Start of Records provided
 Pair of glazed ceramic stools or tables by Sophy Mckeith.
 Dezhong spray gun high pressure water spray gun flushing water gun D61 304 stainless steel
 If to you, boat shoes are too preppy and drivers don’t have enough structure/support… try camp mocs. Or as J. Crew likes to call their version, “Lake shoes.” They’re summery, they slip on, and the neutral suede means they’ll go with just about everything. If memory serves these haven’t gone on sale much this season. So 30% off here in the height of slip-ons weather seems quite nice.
End of Records provided
Start of Records provided
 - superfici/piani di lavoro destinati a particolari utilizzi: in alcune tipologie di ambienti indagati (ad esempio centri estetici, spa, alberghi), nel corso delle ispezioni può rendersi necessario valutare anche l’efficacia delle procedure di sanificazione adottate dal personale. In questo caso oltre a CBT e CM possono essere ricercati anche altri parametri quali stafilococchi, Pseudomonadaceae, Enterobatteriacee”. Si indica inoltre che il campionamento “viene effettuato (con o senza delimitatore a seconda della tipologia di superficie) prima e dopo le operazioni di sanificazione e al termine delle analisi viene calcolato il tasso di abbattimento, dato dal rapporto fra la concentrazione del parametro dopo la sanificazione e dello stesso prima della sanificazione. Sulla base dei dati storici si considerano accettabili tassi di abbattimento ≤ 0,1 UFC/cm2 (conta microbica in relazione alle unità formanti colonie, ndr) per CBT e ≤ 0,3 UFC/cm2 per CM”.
End of Records provided
What is required:
When the line with "Pair of glazed" is reached in the data above, begin copying, and stop after the line with "Dezhong spray gun"; copy each line exactly, both ends included.

The completed task:
 Pair of glazed ceramic stools or tables by Sophy Mckeith.
 Dezhong spray gun high pressure water spray gun flushing water gun D61 304 stainless steel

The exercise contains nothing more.